Things escalate quickly.
Rikin has been experimenting with how he tells his stories for years now, whether it's the moc doc Welcome to Hollywood or Look, a feature film told completely from the perspective of security cameras (and which, in a reversal of how Shooting the Warwicks came to be, began life as a film before being adapted into a TV series). Shooting a movie like a hidden camera reality series isn't anything new, but the wrinkle that the participants are unaware of the cameras creates echoes of Look. It's entirely appropriate for the story he's telling, though I do have to wonder exactly what it is that he's satirizing. The stuff about merciless TV producers and executives who don't care about ruining lives as long as they get good ratings is very on the nose and has been done too many times to really have an impact at this point. But I suspect there's more going on in Shooting the Warwicks, which uses the heavy-handed reality TV satire to sneak in some savage commentary about the rot and the unspoken hypocrisy at the center of the American family.
While his past works of anarchy have been more of the "party" variety -- we're meant to laugh at the gross-out gags and side with the characters who orchestrate chaos, even when it's a little mouse -- there's very little that's fun about Shooting the Warwicks.

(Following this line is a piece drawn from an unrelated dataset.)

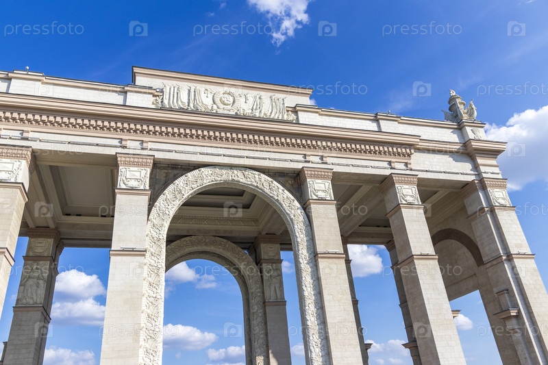 Москва, Россия - 07.09.2023 - Снимок главного входа на площадку Выставки достижений народного хозяйства, известной как ВДНХ. Ориентир
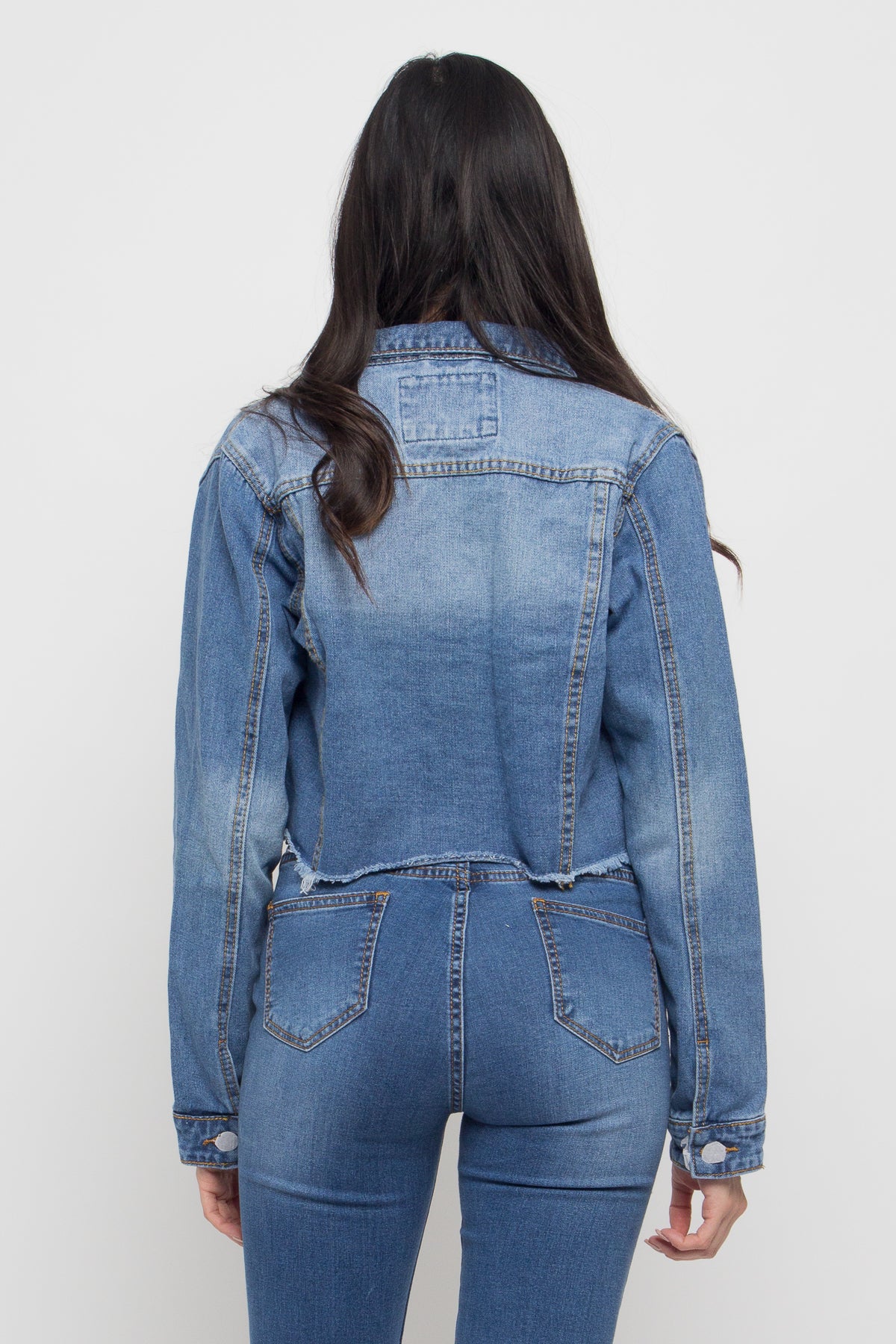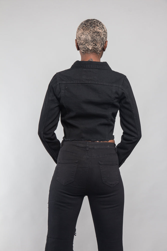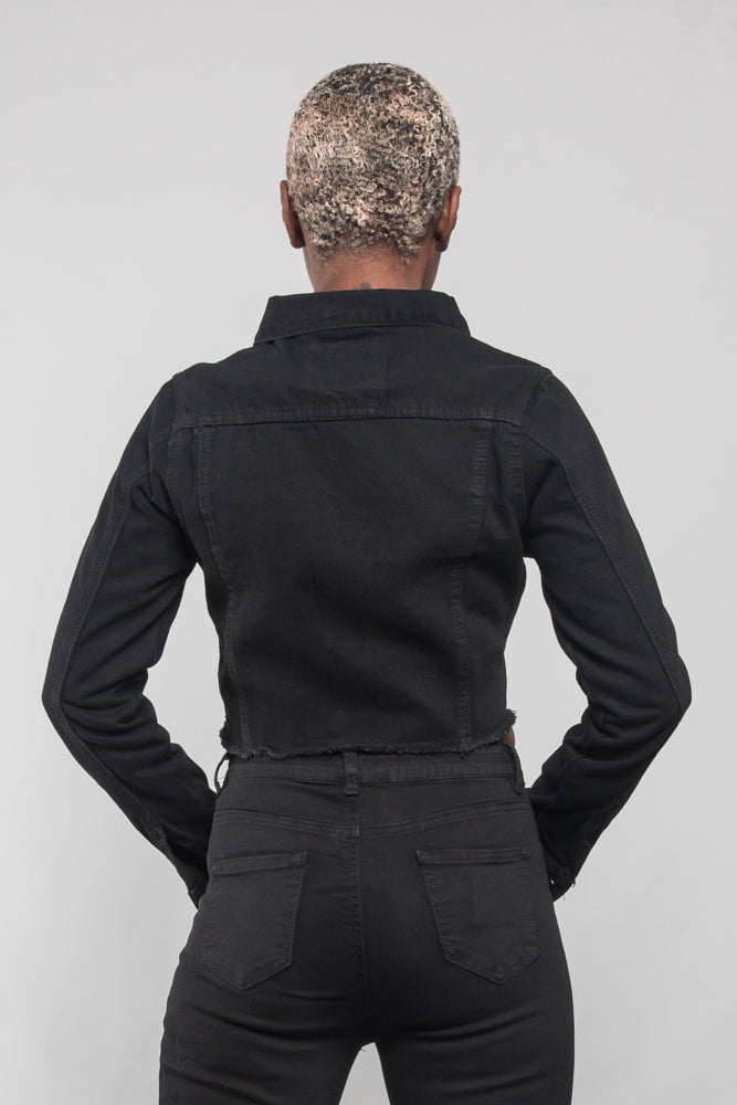 An essential in every girl's closet, this fashionable jacket is the perfect statement piece to compliment any look. With a cropped look to flatter any waistline.

There are moments when I can imagine Rifkin cackling off camera, tickled at just how far he has pushed a given moment, but the gross-out gags in this one aren't played for laughs...except maybe for how excessive they are. While this one completely fits into his filmography, it also feels unlike anything he's made before. After more than two decades as a filmmaker, he still has the ability to surprise me. Shooting the Warwicks surprised me.